Nowadays hundreds of information sources and media publish every day information about different events in the field of economics and business. They publish thousands of articles, mentions many companies and deals. This quantity of regularly announced data can contain a valuable information to help to predict or even to foresee events in economics and business field, to detect hidden facts and correlations, to define the loyalty and the tolerance of certain sources and media towards different companies and deals.

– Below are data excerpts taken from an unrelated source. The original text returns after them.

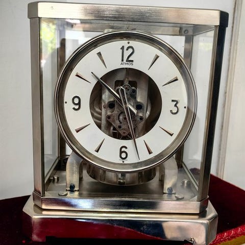 Atmos-perpetualurur af Jaeger-LeCoultre, kaliber 528-8, i messing og glas med firkantet skærm, fremstillet i Schweiz omkring 1967 (1960’erne–1970’erne), mekanisk bevægelse, ikke strike, i god stand med mindre aldersmærker og i funktion. Klik på den blå "gå til varen" knap, for at købe eller byde på denne vare. Den samlede pris vil blive vist inden du afgiver dit bud.
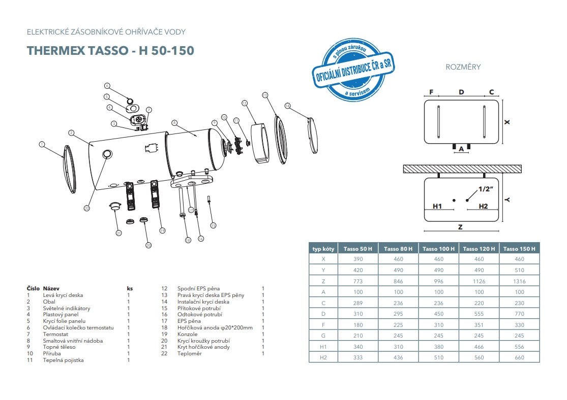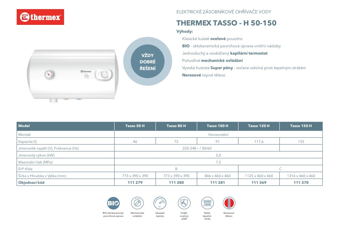 ELEKTRICKÉ ZÁSOBNÍKOVÉ OHŘÍVAČE VODY THERMEX TASSO HORIZONTÁLNÍ - LEŽATÉ
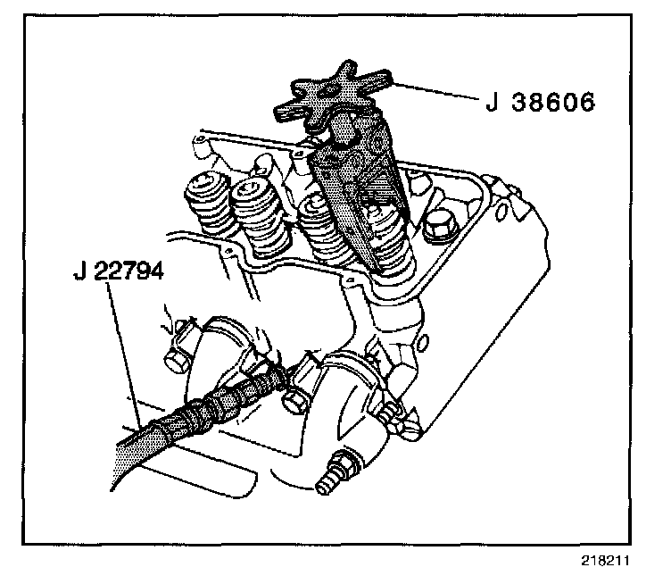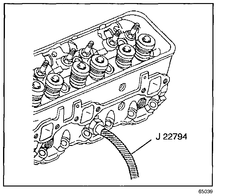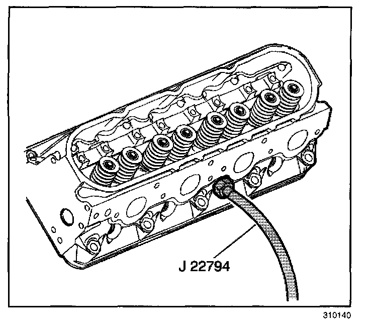 8. Apply compressed air to J 22794 in order to hold the valves in place.
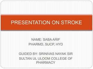 The document presents a comprehensive overview of strokes, including their definition, types (ischemic, hemorrhagic, and transient ischemic attacks), risk factors, and pathophysiology. It outlines the clinical presentation, complications, diagnostic methods, treatment goals, and both non-pharmacologic and pharmacologic therapies for managing strokes. Additionally, it discusses patient counseling and preventive measures to reduce the risk of stroke.
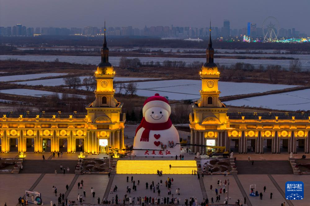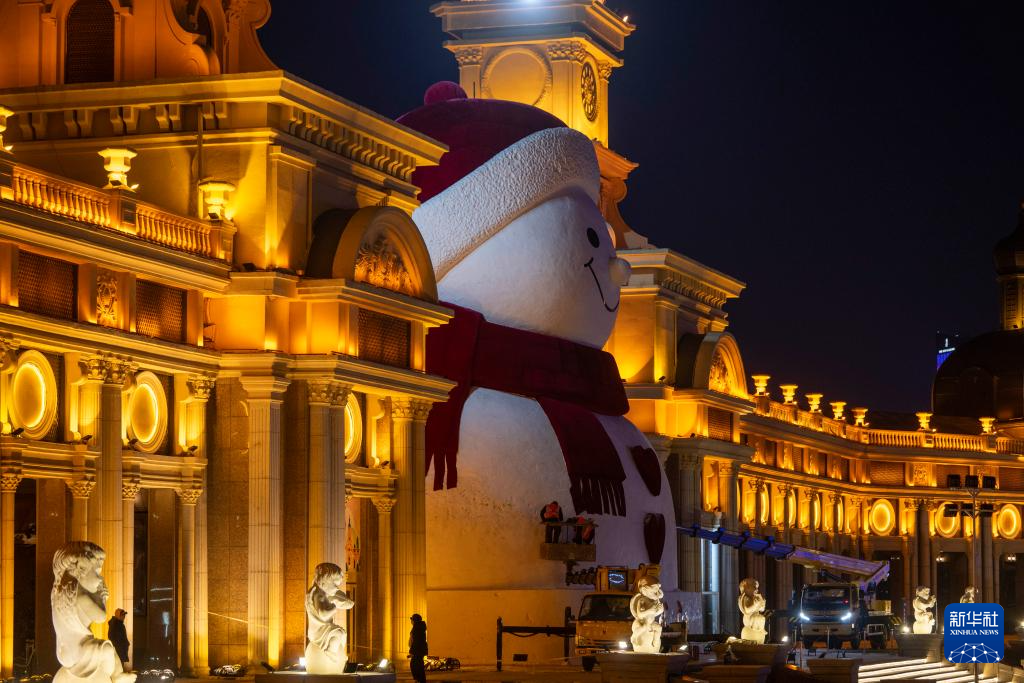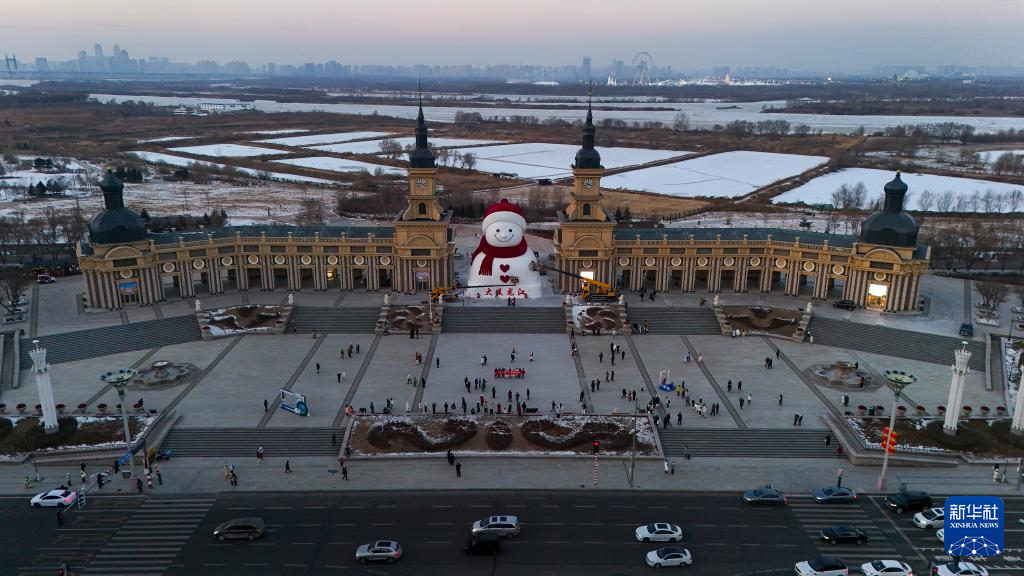 这是12月15日在哈尔滨市群力音乐公园拍摄的大雪人(无人机照片)。
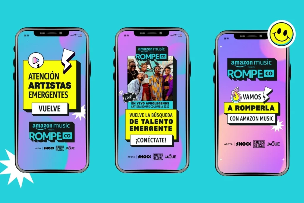 Rompe Colombia es la segunda temporada del programa de Amazon Music que apoya a los artistas emergentes del país, brindándoles visibilidad y oportunidades para impulsar sus carreras. A través de una convocatoria abierta, los artistas de Medellín, Cali y Bogotá pueden participar presentando audiciones con canciones propias o covers.
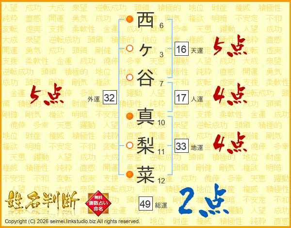西ヶ谷真梨菜さんの地運は33画の4点!
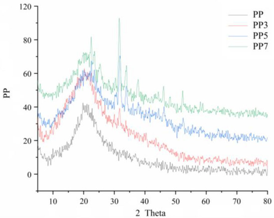 X-ray diffraction pattern of PP, PP3, PP5, and PP7.

Thus to find and analyze significant news the following research topics and task are of interest:
The role of Internet mass media increased greatly in the recent years. Internet media get more and more audience coverage and thereby its role in forming of public opinion strengthens. Public organizations, political parties, companies as well as public figures, politicians and entrepreneurs are interested in any mentioning of them or of some specific facts concerning them in media including Internet media. They often trace a quantity of web-sites citing them, and different sources where some significant news could appear. Significant news finding could be also useful for common Internet-uses since the amount of daily media publications is large and some news which are significant for someone could be missed. Thus significant (in some context) news identification is essential and actual problem.
The origin of news provider could be some Internet mass-media (such as cnn.com, bbc.com and others) as well as a page in a social network or blog. We will assume that each news has its unique URL-address - the address of web page where text of news was published.
The news spreads in WWW after its appearance and a quantity of references to the original web page appears. Besides, there could be more than one origin/source of the news. It’s common that the same news appears in several web-sites independently in a short space of time. However, there could be some content difference between them. Thus the collection of all web-pages with published news and web-pages which refer to the former, forms a network. We will be able to make conclusions about the significance of news, their interconnections and mutual influence by analysing the structure and properties of such network.
Thus we have a network which nodes are web-pages unambiguously identified by URL-addresses and which links are references between web-pages as their URL-addresses. Since it is well-known that WWW network is scale-free [1], it is natural to assume that the network we are working with is scale-free as well. Thus, it is necessary to compose the network degree distribution in order to prove if the network is scale-free. In this case the degree distribution can be approximated by the power law.
It is necessary to specify degree distribution in order to acquire more accurate research data for the network properties. In real processes which contribute to the evolution of real networks, we often observe systematic deviations from the pure power law. There’re some well-known distributions which often describe real networks: stretched exponential distribution, fitness-induced corrections, small-degree cutoffs, exponential cutoffs [1]. Currently we are building a generative model that analytically predicts the expected functional form of degree distribution, because this is a key factor determining system’s properties.
We research and interpret such system property as node fitness - it’s an ability of each node to make new connections in the network. Most likely that if a node (web page in our network) has a high value of fitness then the corresponding news are significant, because it attracts a lot of references. We are also analyzing such nodes for super-stable property [2] and try to interpret that. News spreading features [3] represents a particular interest in our research. Currently we are researching these in order to understand and model the network evolution path which determines network properties [1]. We are also investigating the thresholds when such a news becomes significant. It is planned also to present some initial findings of our research.